Read all the columns from a file in spark sql

2014-07-16 Thread pandees waran
Hi,

I am newbie to spark sql and i would like to know about how to read all the
columns from a file in spark sql. I have referred the programming guide
here:
http://people.apache.org/~tdas/spark-1.0-docs/sql-programming-guide.html

The example says:

val people = 
sc.textFile("examples/src/main/resources/people.txt").map(_.split(",")).map(p
=> Person(p(0), p(1).trim.toInt))

But, instead of explicitly specifying p(0),p(1) I would like to read all
the columns from a file. It would be difficult if my source dataset has
more no of columns.

Is there any shortcut for that?

And instead of a single file, i would like to read multiple files which
shares a similar structure from a directory.
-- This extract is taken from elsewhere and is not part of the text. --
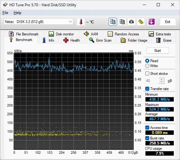 Unfortunately, HD Tune does not generate any fancy independent graph outputs in particular, so I just took a screenshot of the program. The Netac US9 512GB's throughput remained very flat on average. While HD Tune is more of a drag race than a clear indication of real-life performance, it is an excellent storage performance reference among SSDs with the same controller. The results were good across the range and the recorded access time was low, as we would expect from a solid state drive.
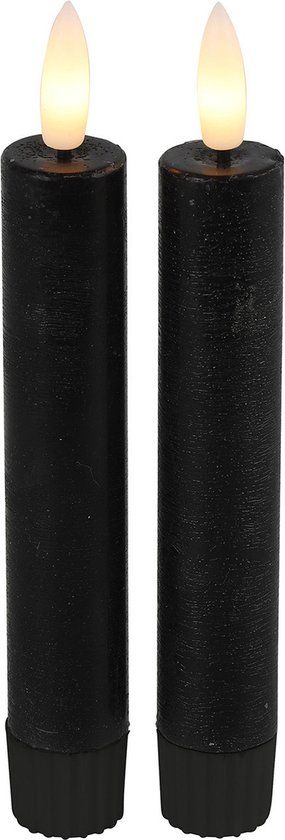 Set van 2 zwarte ledkaarsen 15 cm x 2,2 met afstandsbediening van het merk Countryfield. De afstandsbediening heeft een timer en dimmer, deze is ook te gebruiken op de stompkaarsen van dit merk. De kaarsen werken op 1 AA batterij (excl)

Could you please share your thoughts on this?

It would be great , if you share any documentation which has details on
these?

Thanks


Re: Read all the columns from a file in spark sql

2014-07-16 Thread Michael Armbrust
I think what you might be looking for is the ability to programmatically
specify the schema, which is coming in 1.1.

Here's the JIRA: SPARK-2179
<https://issues.apache.org/jira/browse/SPARK-2179>


On Wed, Jul 16, 2014 at 8:24 AM, pandees waran  wrote:

> Hi,
>
> I am newbie to spark sql and i would like to know about how to read all
> the columns from a file in spark sql. I have referred the programming guide
> here:
> http://people.apache.org/~tdas/spark-1.0-docs/sql-programming-guide.html
>
> The example says:
>
> val people = 
> sc.textFile("examples/src/main/resources/people.txt").map(_.split(",")).map(p 
> => Person(p(0), p(1).trim.toInt))
>
> But, instead of explicitly specifying p(0),p(1) I would like to read all
> the columns from a file. It would be difficult if my source dataset has
> more no of columns.
>
> Is there any shortcut for that?
>
> And instead of a single file, i would like to read multiple files which
> shares a similar structure from a directory.
>
> Could you please share your thoughts on this?
>
> It would be great , if you share any documentation which has details on
> these?
>
> Thanks
>


Re: Read all the columns from a file in spark sql

2014-07-17 Thread Brad Miller
Hi Pandees,

You may also be helped by looking into the ability to read and write
Parquet files which is available in the present release.  Parquet
files allow you to store columnar data in HDFS.  At present, Spark
"infers" the schema from the Parquet file.  In pyspark, some of the
methods you'd be interested in are "parquetFile" and "inferSchema" in
SQLContext, and "saveAsParquetFile" in SchemaRDD.

Hope that helps.
-Brad

On Wed, Jul 16, 2014 at 4:31 PM, Michael Armbrust
 wrote:
> I think what you might be looking for is the ability to programmatically
> specify the schema, which is coming in 1.1.
>
> Here's the JIRA: SPARK-2179
>
>
> On Wed, Jul 16, 2014 at 8:24 AM, pandees waran  wrote:
>>
>> Hi,
>>
>> I am newbie to spark sql and i would like to know about how to read all
>> the columns from a file in spark sql. I have referred the programming guide
>> here:
>> http://people.apache.org/~tdas/spark-1.0-docs/sql-programming-guide.html
>>
>> The example says:
>>
>> val people =
>> sc.textFile("examples/src/main/resources/people.txt").map(_.split(",")).map(p
>> => Person(p(0), p(1).trim.toInt))
>>
>> But, instead of explicitly specifying p(0),p(1) I would like to read all
>> the columns from a file. It would be difficult if my source dataset has more
>> no of columns.
>>
>> Is there any shortcut for that?
>>
>> And instead of a single file, i would like to read multiple files which
>> shares a similar structure from a directory.
>>
>> Could you please share your thoughts on this?
>>
>> It would be great , if you share any documentation which has details on
>> these?
>>
>> Thanks
>
>